VW: Kult-Modell jetzt mit Elektro-Antrieb – doch der Preis hat es in sich. (Symbolbild).
VW: Kult-Modell jetzt mit Elektro-Antrieb – doch der Preis hat es in sich. (Symbolbild).
Foto: dpa-Zentralbild

Wolfsburg. VW hat sich in Sachen Elektromobilität einiges auf die Fahne geschrieben. Mit dem VW ID.3 soll noch im Sommer ein Wagen auf den Markt kommen, der auch für den Normalverbraucher bezahlbar sein soll. Doch jetzt hat der Konzern eine Sensation verkündet, die alles in den Schatten stellt.

Denn neben den zahlreichen Elektro-Modellen will VW nun auch einen Klassiker als E-Auto anbieten: den Bulli.

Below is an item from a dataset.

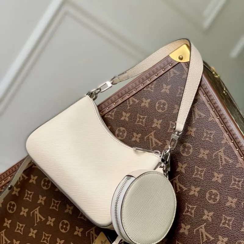 The M20999 white Marellini handbag uses Lbag’s iconic Epi leather to integrate the dynamic elements of the Marelle handbag into a more compact configuration. The round coin purse can be removed at will. The mirror fixed to the bag body by a chain is housed in the front patch pocket. 19.0 x 13.5 x 6.5 cm (length x height x width)

VW bringt Kultmodell als E-Auto auf den Markt

Das Hippie-Modell aus den 60er Jahren hat in den letzten Jahren einen Boom erlebt, immer mehr Menschen wollen in ihren eigenen vier Wänden in den Urlaub fahren. VW hat mit dem Bulli Kultstatus erreicht, die Autos haben trotz (oder gerade wegen) ihres Alters kaum Wertverlust, im Gegenteil sogar. Da ist es die einzig logische Konsequenz des Konzerns, dass auch der Oldtimer ins neue Zeitalter der E-Mobilität gebracht wird.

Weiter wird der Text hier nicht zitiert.